Andando oltre le posizioni ideologiche appare in modo molto chiaro come le crisi siano divenute sempre più parte costitutiva di questo sistema economico, ben lungi dall’essere il migliore dei sistemi possibili come vorrebbero alla Bocconi o a Washington. E in tanti iniziano ad accorgersi che forse Karl Marx aveva previsto tutto e aveva ragione, e forse a essere “ideologici” non sono i sostenitori del filosofo di Treviri, bensì i suoi detrattori. 

Negli ultimi vent’anni sembrava che le teorie di Marx fossero state finalmente smentite e relegate al passato. In tanti hanno esultato plaudendo alla vittoria del “libero mercato” e auspicando a questo punto un progresso continuo che avrebbe diffuso il benessere in tutto il mondo. A distanza di vent’anni invece siamo di fronte alla peggiore crisi economica mai verificatasi almeno dal 1929, una crisi che ha bruciato miliardi di euro e ha abbassato il tenore di vita di milioni di persone. Una crisi che ha aumentato la povertà e concentrato la ricchezza in pochissime mani, senza però che questo sistema, ovvero il neoliberismo applicato, venga minimamente messo in discussione dagli establishment. Tutta una serie di credenze prese per vere dal punto di vista oggettivo, come ad esempio la maggiore efficienza del privato nei confronti del pubblico, sono in realtà delle credenze ideologiche che vengono portate avanti per fede e ideologia piuttosto che per realismo.

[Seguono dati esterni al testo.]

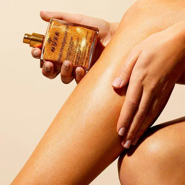 - Sur le visage, appliqué par petites touches sur un pinceau plat ou de la pulpe des doigts, en insistant sur les pointes de lumière du visage : os de la pommette, arrête du nez, front au-dessus des sourcils. Vous pouvez aussi mélanger quelques gouttes au creux de votre main avec votre crème Nuxe ou votre fond de teint, avant application, pour un subtil effet glow.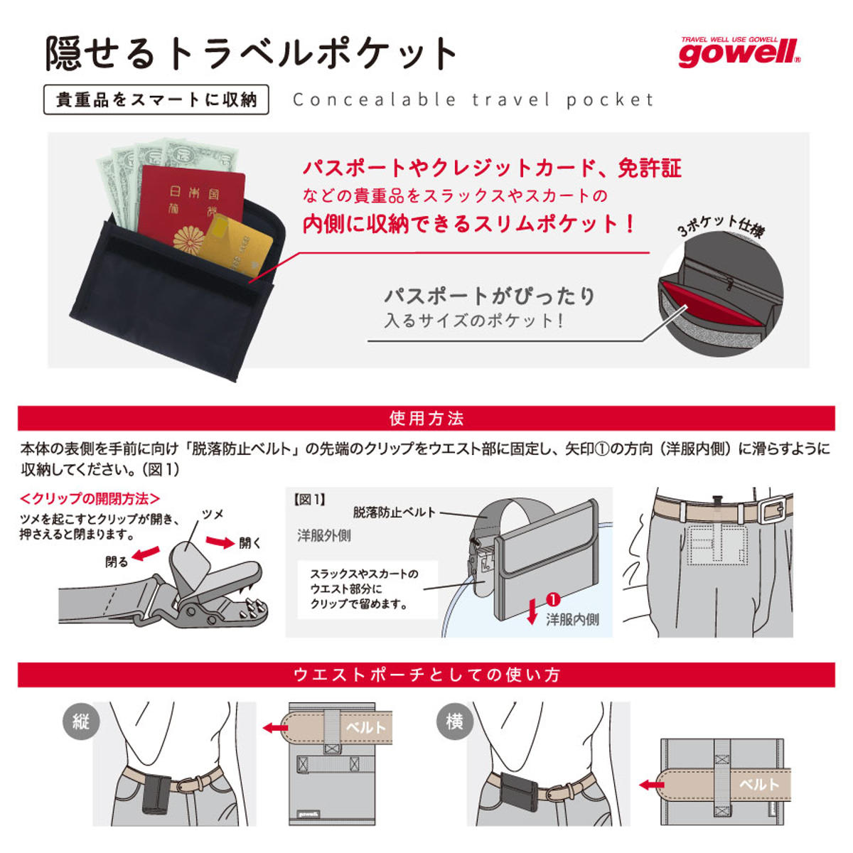 ズボンやスカートの内側に付ける隠しポケットです。パスポートやクレジットカードなどの貴重品をスマートに収納できます。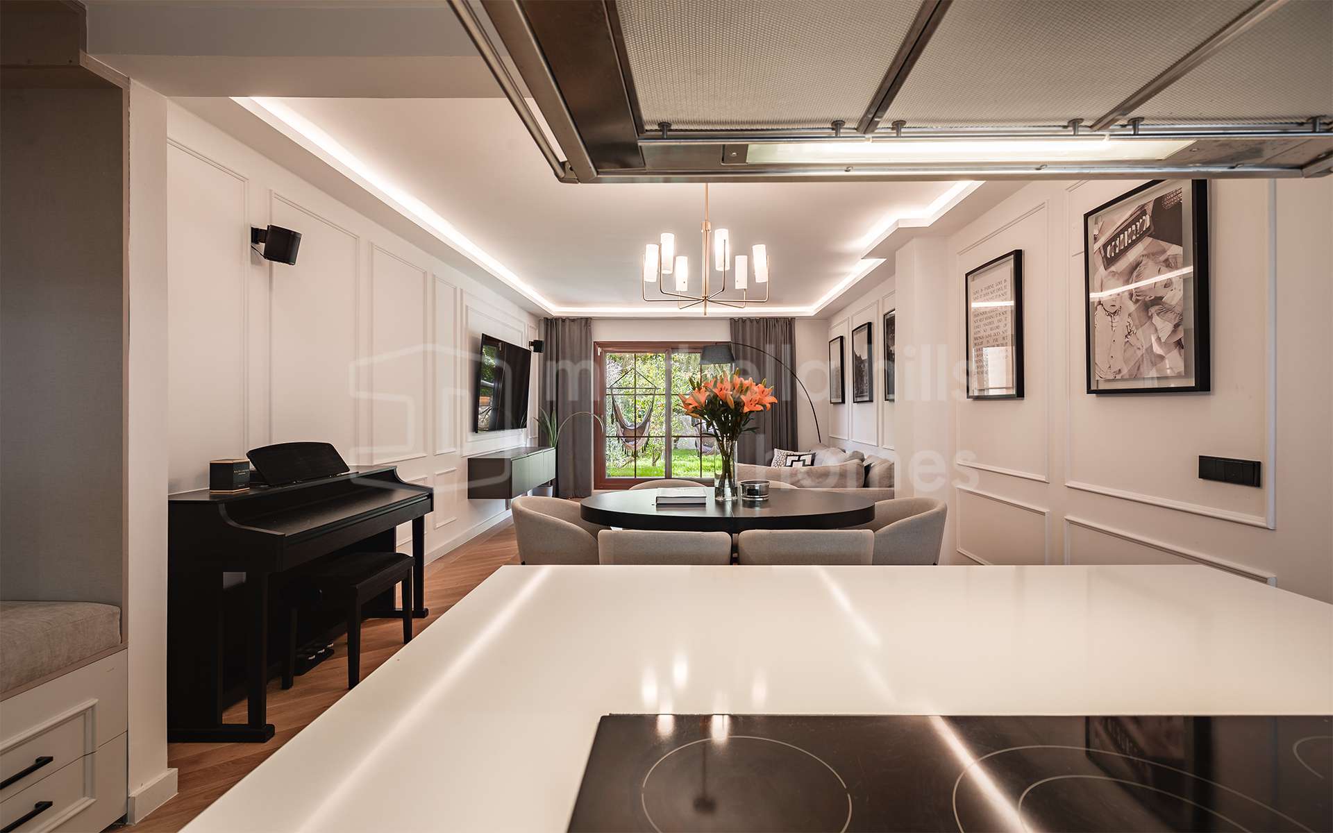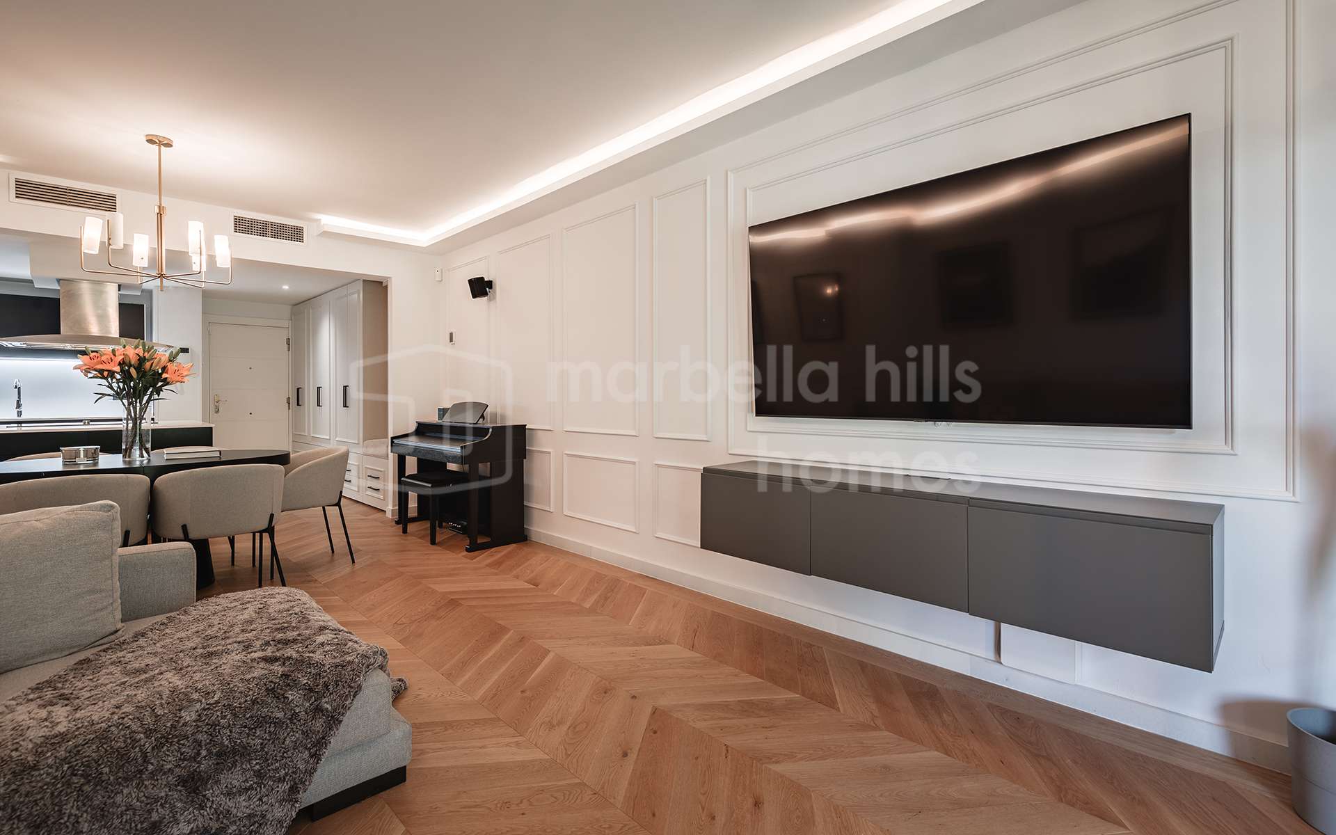 Premium features include herringbone oak flooring, underfloor heating in the bathrooms, integrated air conditioning (hot & cold), and a high-quality Sonos sound system in the living room. A private underground garage and storage room complete this turn-key offering.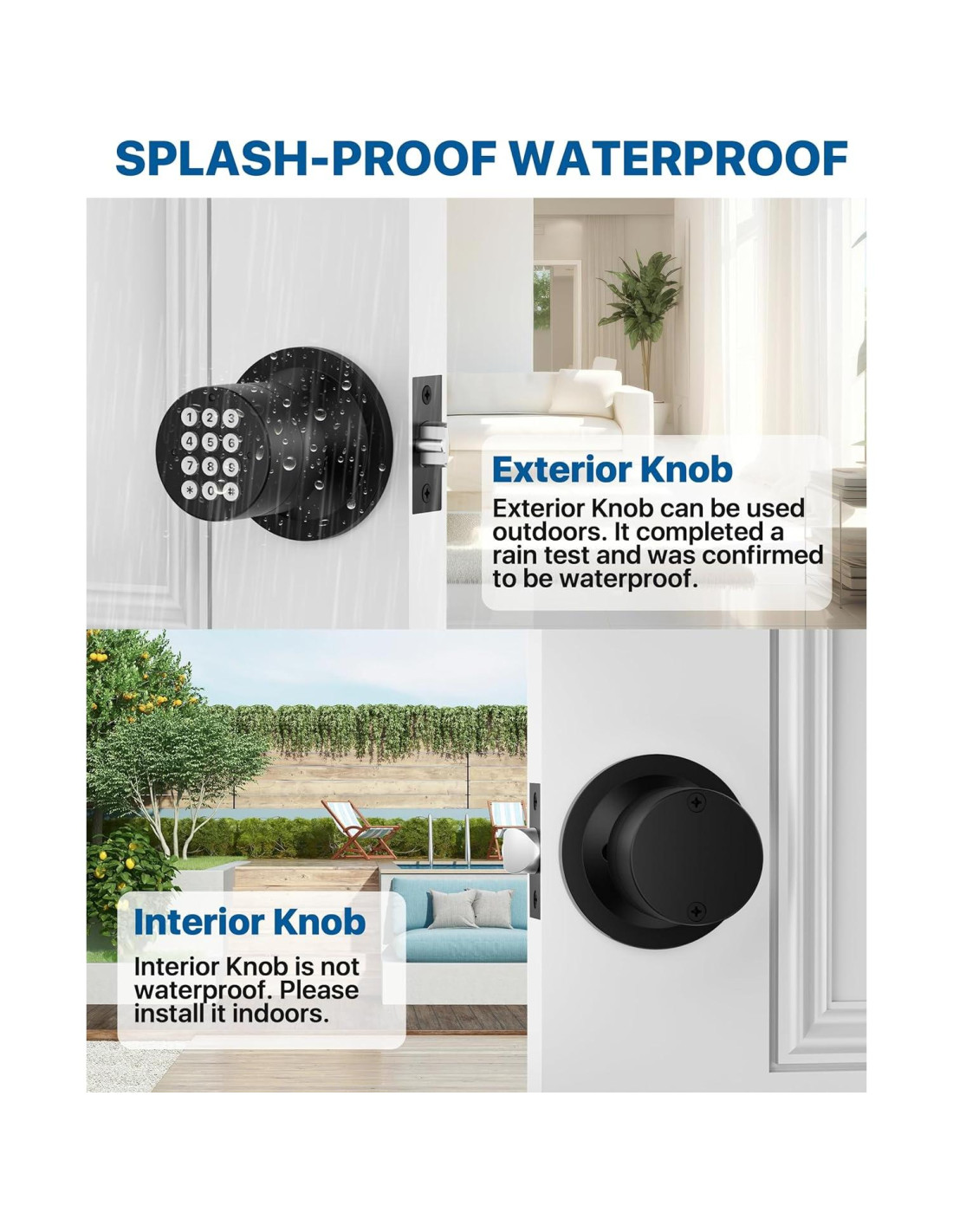 - Multifuncional: Se adapta a varias puertas como puerta de entrada, garaje, puerta trasera, dormitorio. Se recomienda instalar la perilla interior en interiores. Incluye una fuente de alimentación de emergencia para situaciones de agotamiento de baterías.

Come ha sottolineato l’economista Vladimiro Giacchè (1) infatti “non esiste alcuna ricerca empirica che dimostri tale superiorità, ma essa è diventata senso comune“.  Del resto tutti i pasdaran del “libero mercato” non potrebbero in alcun modo giustificare la distruzione di migliaia di miliardi di euro a causa della crisi e l’aumento esponenziale dei disoccupati, per questo, esattamente come accadeva qualche secolo fa ai tempi di Marx, preferiscono dare la colpa a fattori esterni piuttosto che ammettere che le crisi sono sistemiche e non episodiche. In una parola Marx aveva sostenuto che le crisi erano una componente del capitalismo, non un incidente, e il trascorrere dei decenni ha confermato la sua teoria piuttosto che confutarla.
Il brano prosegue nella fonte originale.